About

Currently documented CTFS:

• Hack the Box - Business CTF 2022

  • Breakout

    • Challenge: A C2 implant's interface was left exposed on a victim's webserver. Break into the interface and enumerate its functionality.

    • Compromised the C2 interface and extracted a non-native binary, 'bkd.'

    • Performed analysis on the binary and extracted the flag from multiple strings present in the compiled code.

  • Chromeminer

    • Challenge: A browser extension is believed to host cryptomining malware. Investigate.

    • Downloaded and unzipped the .crx (browser extension) file.

    • Reverse engineered heavily obfuscated malicious javascript code to retrieve the flag.

  • Lina's Invitation

    • Challenge: A CEO's password vault has been compromised after receiving an email with an attachment.

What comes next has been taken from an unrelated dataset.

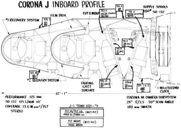 此时的间谍卫星和大家熟知的不同,由于照片处理技术的限制,科罗纳卫星必须将胶片以物理形式送回地面以便回收分析。当科罗纳卫星入轨并抵达目标上空后,其位于卫星中部,直径30厘米长1.5米的相机便开始拍摄,如果需要还可使用70度的广角镜头完成大面积的广角拍摄。拍摄完毕的胶卷随后被储存在卫星前端的返回载具内,在适当的时机与卫星分离并回收。
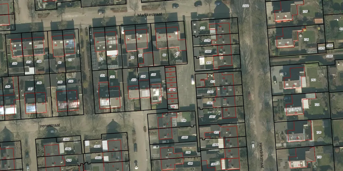 Het perceel waarop Marijkestraat 56 staat heeft een oppervlakte van 138 m². Dit is een middelgroot perceel. De perceeloppervlakte wordt geregistreerd door het Kadaster. Gedetailleerde informatie over de maten van dit perceel kunt u vinden in het rapport Kadastrale kaart met maatvoering van Marijkestraat 56.

Review the provided PCAP file and attachment to determine how he was compromised.

    • Unzipped the attachment (a .docx file), used OLE Tools suite to analyze its contents, and discovered malicious VBA macros calling out to a fake Windows Update site and containing a part of the flag.

    • Analyzed the provided PCAP file and found two indicators of compromised: a malicious HTML payload and some obfuscated PowerShell commands.

    • De-obfuscated the malicious HTML payload to discover part of the flag.

    • De-obfuscated and reverse-engineered the PowerShell payload to reveal the final part of the flag.

Postmortem

Remember when you had time for CTFs? I remember when I had time for CTFs.